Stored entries

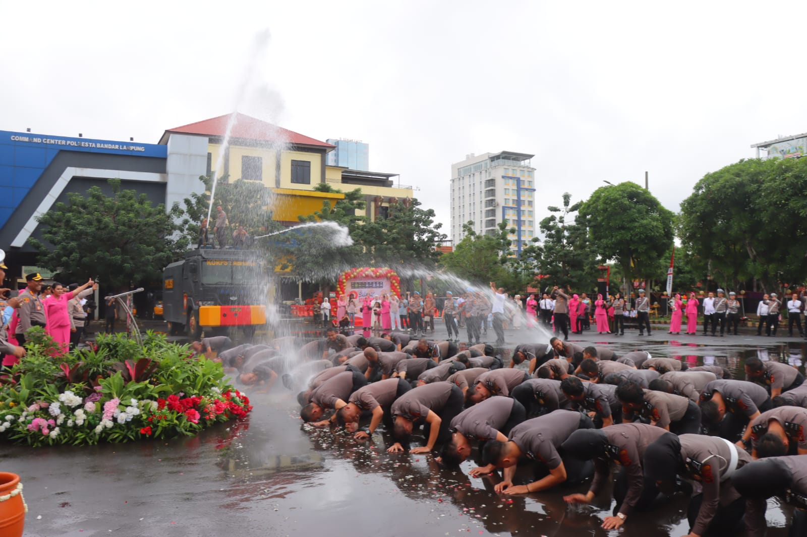 Usai upacara, kegiatan dilanjutkan dengan tradisi siraman air kembang yang dipimpin oleh Kapolresta Bandar Lampung diikuti oleh Waka Polresta Bandar Lampung, Pejabat utama, Kapolsek dan Bhayangkari.
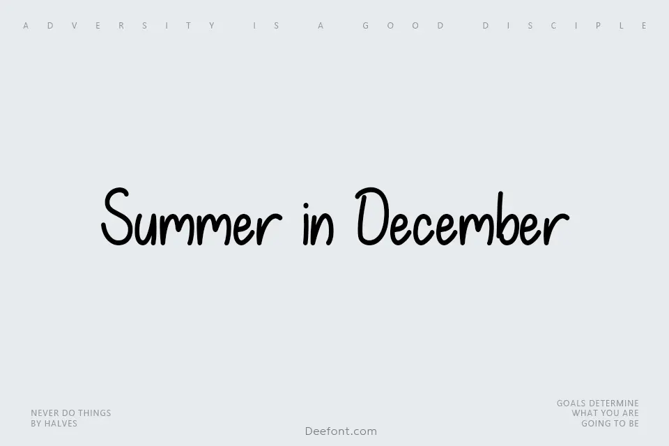 Summer in December is a warm and inviting handwritten script font designed with friendly, organic letterforms that capture the whimsy of seasonal celebration. The typeface features smooth, flowing characters with excellent readability and includes special decorative symbols—sun smileys, cloud faces, hearts, and ornamental frames—accessed through keyboard characters. With its playful yet refined aesthetic, this font is ideal for holiday posters, greeting cards, gift tags, party invitations, social media graphics, decorative titles, and festive seasonal branding projects that require a personal, human touch.
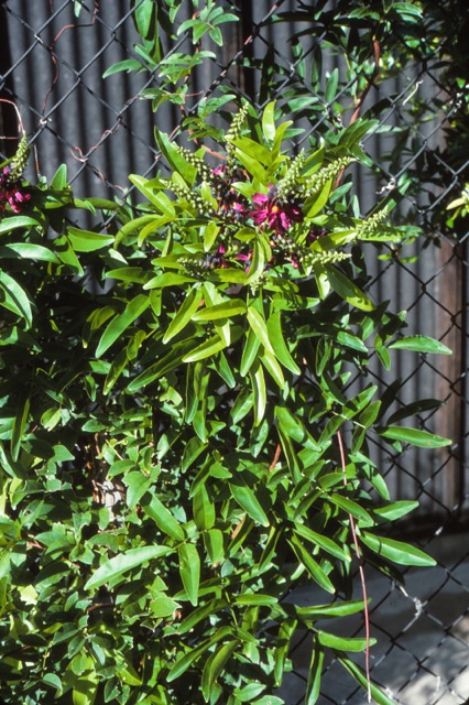 HABIT: Vining plant for full sun that is mostly evergreen. Purple summer blooms in late summer to early fall. Evergreen shiny foliage.
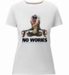 Женская приталенная премиум-футболка собственного производства. Выполнена из качественной ткани (95% хлопок, 5% эластан) — плотная, мягкая и приятная к телу. Принт Рафики no wories hakuna matata можно нанести на грудь, спину или рукав.
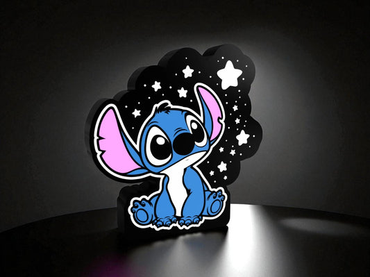 Fan Art Φωτιστικό Stitch & Αστέρια – Ονειρικό 3D Printed Lightbox
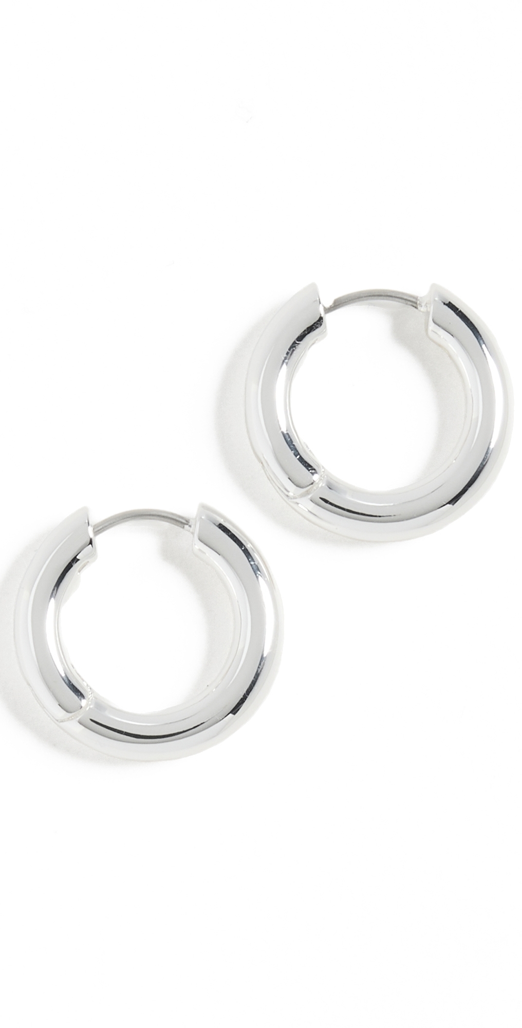 Silver plated brass. Hinged hoop. Imported, China. Measurements: Length: 0.75in / 2.0cm
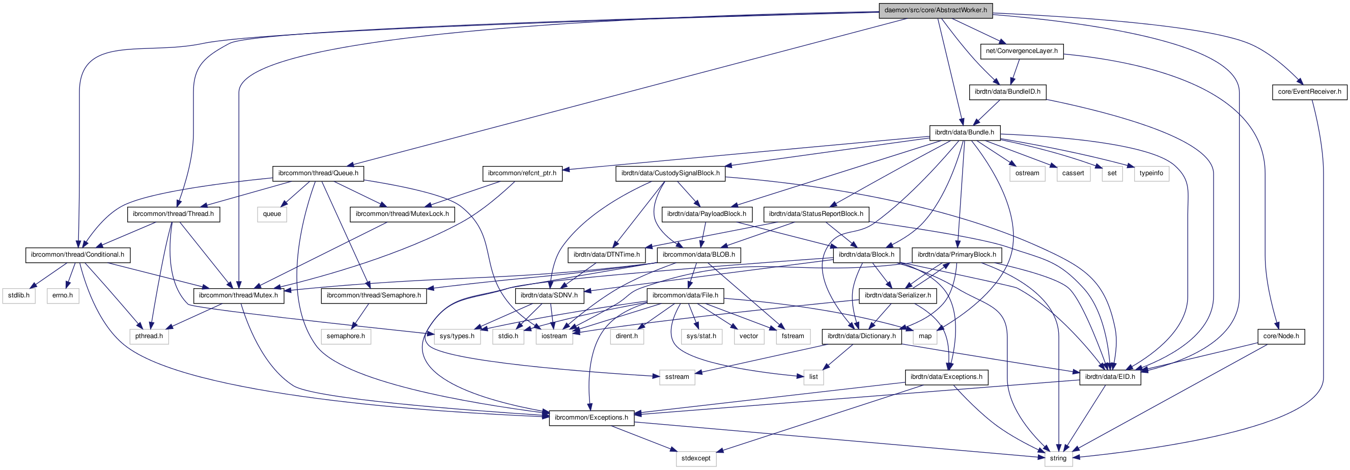 #include <ibrdtn/data/Bundle.h>#include <ibrdtn/data/BundleID.h>#include <ibrdtn/data/EID.h>#include "core/EventReceiver.h"#include <ibrcommon/thread/Mutex.h>#include <ibrcommon/thread/Conditional.h>#include <ibrcommon/thread/Thread.h>#include "net/ConvergenceLayer.h"#include <ibrcommon/thread/Queue.h>
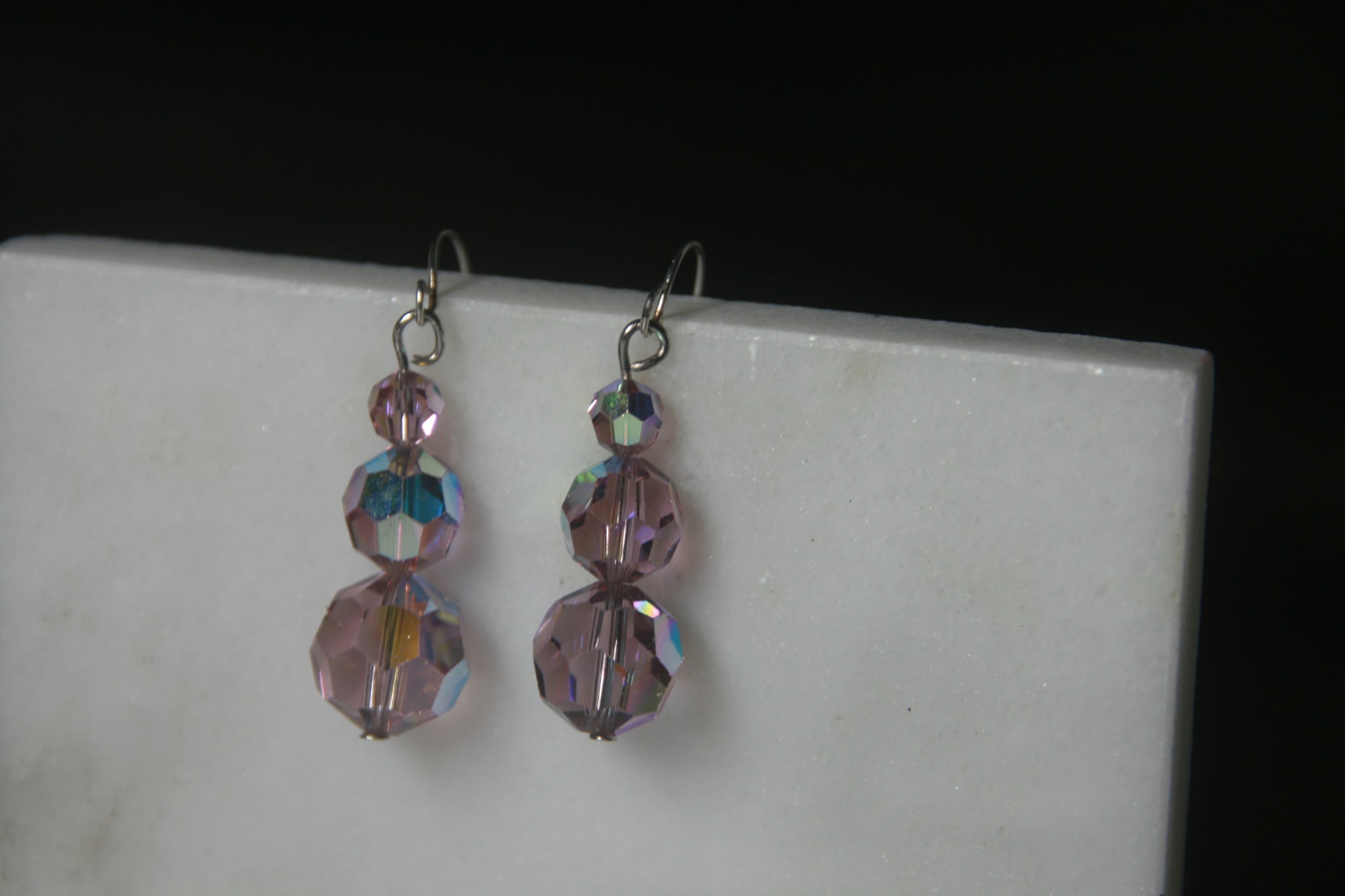 Boucles d'oreilles upcyclées 3 perles à facettes rose-lilas - bijoux upcyclés
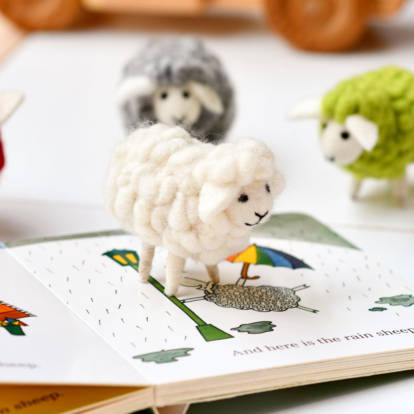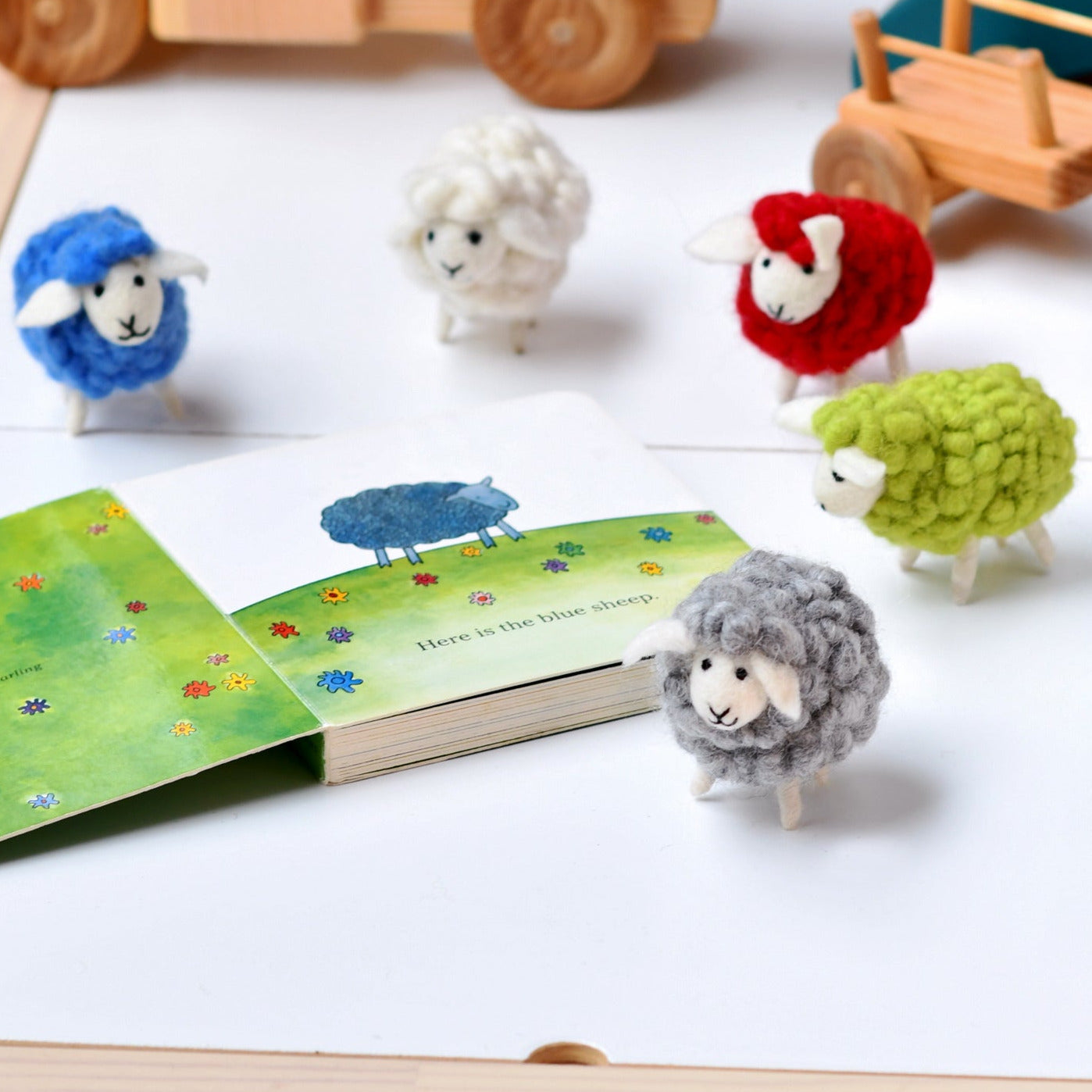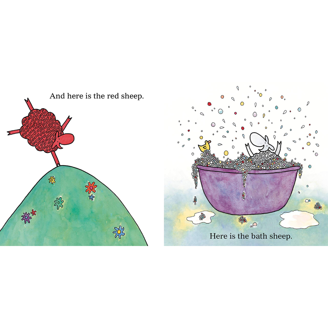 Here is the blue sheep, and here is the red sheep. Here is the bath sheep, and here is the bed sheep. But where is the green sheep?

#### [Aim of the task]
Nothing but the lines from the one that contains "Boucles d'oreilles upcyclées" through the last line of the records belongs in the answer, reproduced exactly, with no pictures.

#### [Output below]
 Boucles d'oreilles upcyclées 3 perles à facettes rose-lilas - bijoux upcyclés
 Here is the blue sheep, and here is the red sheep. Here is the bath sheep, and here is the bed sheep. But where is the green sheep?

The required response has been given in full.